What the task asks: Would you copy exactly the lines in the data below from the one that has "RARE ♡ Penelope" through the one that has "Сьогодні загальновизнаним є", dropping any pictures?

Available data:
•••

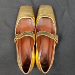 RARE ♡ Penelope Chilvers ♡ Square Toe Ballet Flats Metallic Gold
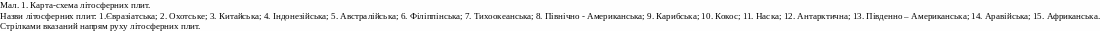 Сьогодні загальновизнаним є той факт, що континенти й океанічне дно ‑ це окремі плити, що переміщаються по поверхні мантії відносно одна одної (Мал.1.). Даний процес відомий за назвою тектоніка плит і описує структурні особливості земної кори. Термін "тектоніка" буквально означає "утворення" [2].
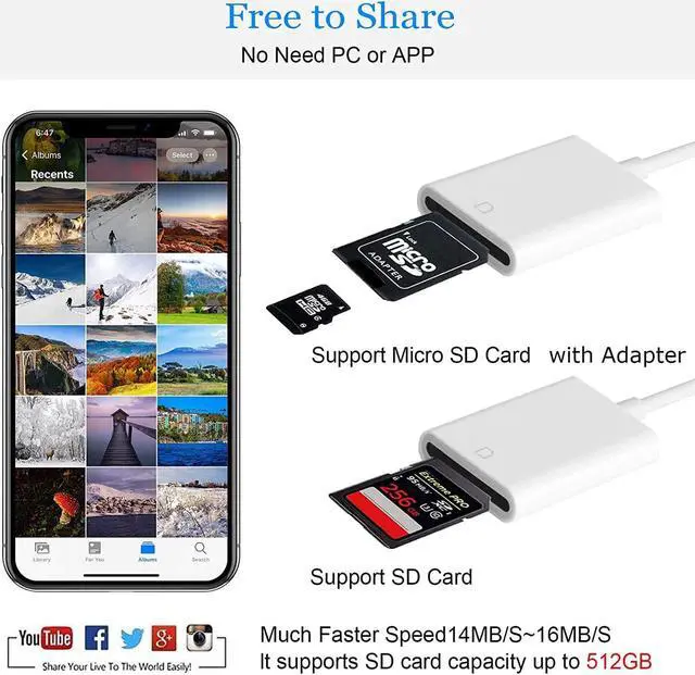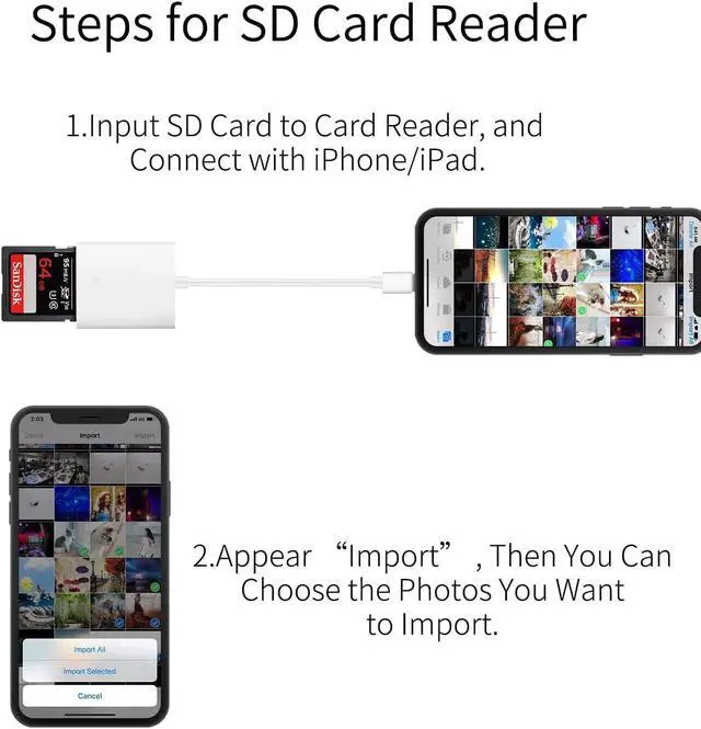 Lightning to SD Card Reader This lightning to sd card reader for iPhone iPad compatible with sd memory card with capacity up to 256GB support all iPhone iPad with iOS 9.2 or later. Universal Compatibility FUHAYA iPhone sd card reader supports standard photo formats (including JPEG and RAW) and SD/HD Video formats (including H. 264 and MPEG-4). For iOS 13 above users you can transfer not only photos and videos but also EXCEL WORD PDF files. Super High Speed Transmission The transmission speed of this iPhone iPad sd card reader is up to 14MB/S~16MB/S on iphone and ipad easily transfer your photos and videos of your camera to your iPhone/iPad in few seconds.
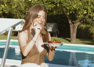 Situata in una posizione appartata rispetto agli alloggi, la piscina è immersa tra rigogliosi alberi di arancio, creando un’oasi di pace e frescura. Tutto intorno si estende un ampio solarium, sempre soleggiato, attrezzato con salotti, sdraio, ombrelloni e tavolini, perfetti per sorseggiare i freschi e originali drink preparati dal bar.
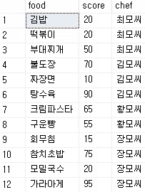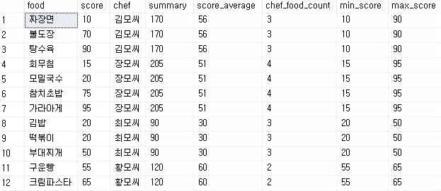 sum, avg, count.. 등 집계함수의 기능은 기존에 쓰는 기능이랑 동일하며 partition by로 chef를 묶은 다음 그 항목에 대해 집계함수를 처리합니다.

•••

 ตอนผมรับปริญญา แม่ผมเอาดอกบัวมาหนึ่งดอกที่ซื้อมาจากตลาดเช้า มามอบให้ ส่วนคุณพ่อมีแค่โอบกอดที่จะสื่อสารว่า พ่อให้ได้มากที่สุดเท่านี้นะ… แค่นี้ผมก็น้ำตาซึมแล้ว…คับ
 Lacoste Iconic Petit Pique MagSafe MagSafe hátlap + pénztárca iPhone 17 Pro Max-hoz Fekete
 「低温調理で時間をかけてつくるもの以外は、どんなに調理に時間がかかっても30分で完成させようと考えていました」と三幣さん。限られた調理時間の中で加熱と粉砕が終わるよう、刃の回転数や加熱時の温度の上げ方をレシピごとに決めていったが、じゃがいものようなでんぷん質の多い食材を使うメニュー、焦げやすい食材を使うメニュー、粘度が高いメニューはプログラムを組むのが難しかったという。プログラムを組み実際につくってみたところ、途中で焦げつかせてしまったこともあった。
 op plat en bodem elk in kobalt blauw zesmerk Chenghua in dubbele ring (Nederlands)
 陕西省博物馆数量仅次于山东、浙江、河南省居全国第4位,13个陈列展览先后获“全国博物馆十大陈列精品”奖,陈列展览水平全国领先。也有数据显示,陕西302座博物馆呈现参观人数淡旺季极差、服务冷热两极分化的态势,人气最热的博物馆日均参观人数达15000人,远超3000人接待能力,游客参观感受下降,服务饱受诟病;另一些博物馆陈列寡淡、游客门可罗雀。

•••

Final answer:
 RARE ♡ Penelope Chilvers ♡ Square Toe Ballet Flats Metallic Gold
 Сьогодні загальновизнаним є той факт, що континенти й океанічне дно ‑ це окремі плити, що переміщаються по поверхні мантії відносно одна одної (Мал.1.). Даний процес відомий за назвою тектоніка плит і описує структурні особливості земної кори. Термін "тектоніка" буквально означає "утворення" [2].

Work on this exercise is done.